1. Fluorescence signal intensity: after the probe is effectively hybridized with the karyotype sample, itshould emit a fluorescence signal that can be recognized by the naked eye under the fluorescence microscope.
2. Sensitivity: detect karyotype samples, analyze the chromosomes of 50 cellsin metaphase, and at least 98 chromosomes 17 show 1 orange fluorescence signal and 1 green fluorescence signal.
3. Specificity: Analyze the chromosomes of 50 cells in metaphase, at least 98 chromosomes 17 show a specific orange fluorescence signal in the target region and a specific green fluorescence signal in the centromere region.

Precautions

1. Please read this manual carefully before testing. The testing personnel should receive professional technical training. The signal counting personnel must be able to observe and distinguish orange and green signals.

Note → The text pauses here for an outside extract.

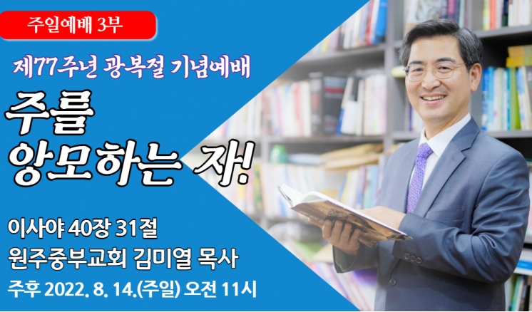 예배/말씀 - 주일예배 - 수요예배 - 특별예배 - QT 매일만나 - 특별새벽기도 - 말씀과기도축제 - 초빙강사 - CTS - 오디오설교(MP3) - 이전설교(18-21) 지금이 마지막이다! ②사랑하라! 2022,11,06 지금이 마지막이다! ①기도하라! 2022,10,30 우리 날 계수함을 가르치소서! 2022,10,23 예비하시는 하나님! 2022,10,16 인생에게 행하시는 기적! 2022,09,25 때를 따라 돕는 은혜로 살라! 2022,09,18 무엇으로 보답할까 2022,09,11 즐거울 때! 2022,08,28 고난당할 때! 2022,08,21 네 직무를 다하라! 2022,08,14 주를 앙모하는 자! 2022,08,14 기도 외에 다른 것으로는! 2022,08,07 목록 제목+내용제목내용댓글이름닉네임아이디등록일태그 13 14 15 16 17 18 19 20 21 22 예배/말씀 주일예배 수요예배 특별예배 QT 매일만나 특별새벽기도 말씀과기도축제 초빙강사 CTS 오디오설교(MP3) 이전설교(18-21)

2. When testing clinical samples, when it is difficult to count the hybridization signals and the samples are not enough to repeat the test, the test will not provide any test results. If the number of cells is not enough for analysis, the test will not provide test results.
3. DAPI counterstaining agent used in this experiment has potential toxicity or carcinogenicity, so it is necessary to operate in the fume hood, wear masks and gloves to avoid direct contact.
4. The results of this kit will be affected by various factors of the sample itself, but also limited by enzyme digestion time, hybridization temperature and time, operating environment and the limitations of current molecular biology technology, which may lead to wrong interpretation results. Users must understand the potential errors and accuracy limitations that may exist in the detection process.
5. All chemicals are potentially dangerous. Avoid direct contact. Used kits are clinical waste and should be properly disposed off.